Apart from the pictures, print the data below exactly as given.

##### RAW DATA

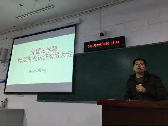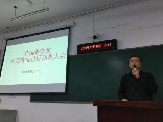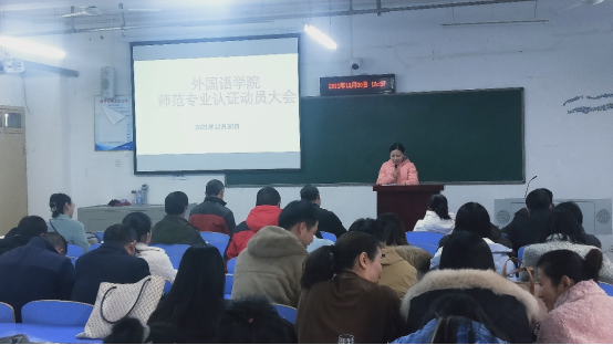 本网讯:通讯员欧阳钦报道:为确保william威廉英语专业认证工作有序推进,12月30日下午4点,william威廉师范专业认证工作动员大会在崇文楼A311召开。公司党委常委、组织部部长梁仕新、教务处副处长张斌、公司党总支书记夏金元、经理陈梅、副经理祝东江和计道宏及全院教师参加了会议。会议由夏金元书记主持。
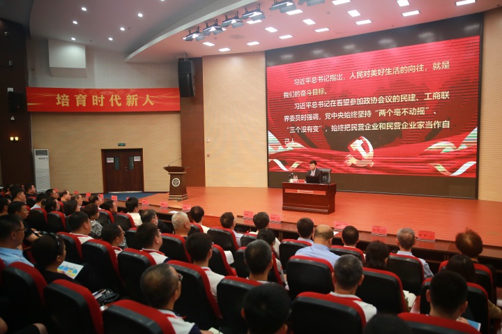學(xué)校300余名教職工和80名學(xué)生干部在現(xiàn)場(chǎng)聆聽(tīng)報(bào)告會(huì)。
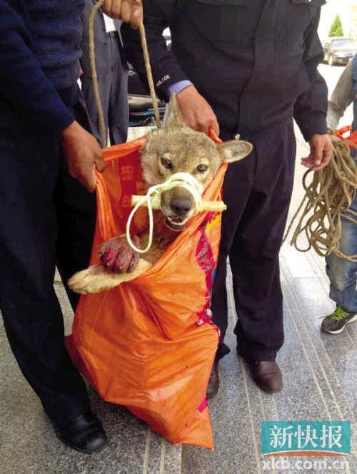據(jù)楊健介紹,大概五六個人參與到控制狼的過程中。雖說這只狼已經(jīng)受傷,但是鑒于它體積很大并且?guī)в泄粜?,所以要先按住頭和脖子,確保其不會傷人。楊健說,當時,有人站在桌子上,有人站在椅子上,從各個角度去圍住狼,然后按住它的頭和脖子。在控制住狼之后,先把狼的嘴用繩子綁緊,避免咬傷人,同時把狼的身子用袋子裝起來。
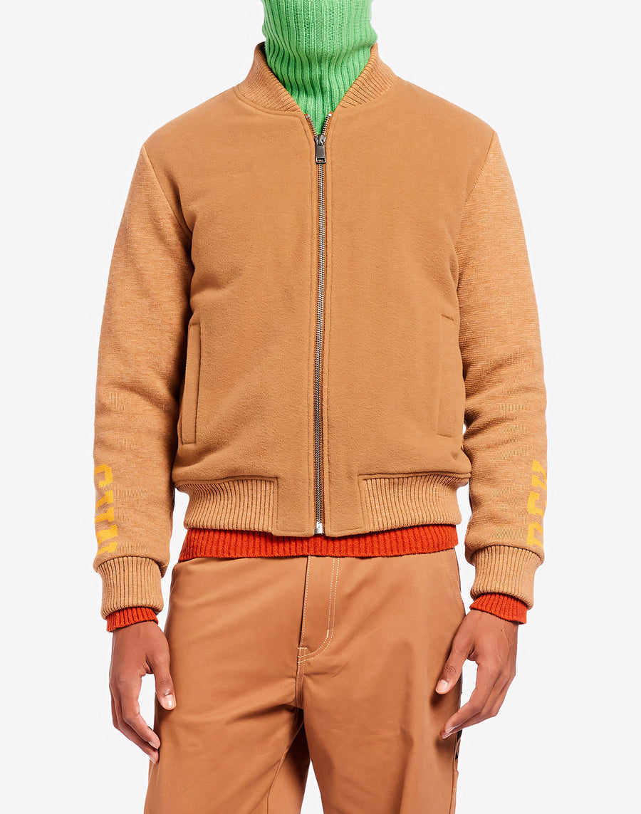 Set apart by its sleek and sporty design, this wool bomber jacket is finished with a zip and logos on the sleeves.

##########

[YOUR RESPONSE]:
 本网讯:通讯员欧阳钦报道:为确保william威廉英语专业认证工作有序推进,12月30日下午4点,william威廉师范专业认证工作动员大会在崇文楼A311召开。公司党委常委、组织部部长梁仕新、教务处副处长张斌、公司党总支书记夏金元、经理陈梅、副经理祝东江和计道宏及全院教师参加了会议。会议由夏金元书记主持。
學(xué)校300余名教職工和80名學(xué)生干部在現(xiàn)場(chǎng)聆聽(tīng)報(bào)告會(huì)。
據(jù)楊健介紹,大概五六個人參與到控制狼的過程中。雖說這只狼已經(jīng)受傷,但是鑒于它體積很大并且?guī)в泄粜?,所以要先按住頭和脖子,確保其不會傷人。楊健說,當時,有人站在桌子上,有人站在椅子上,從各個角度去圍住狼,然后按住它的頭和脖子。在控制住狼之后,先把狼的嘴用繩子綁緊,避免咬傷人,同時把狼的身子用袋子裝起來。
 Set apart by its sleek and sporty design, this wool bomber jacket is finished with a zip and logos on the sleeves.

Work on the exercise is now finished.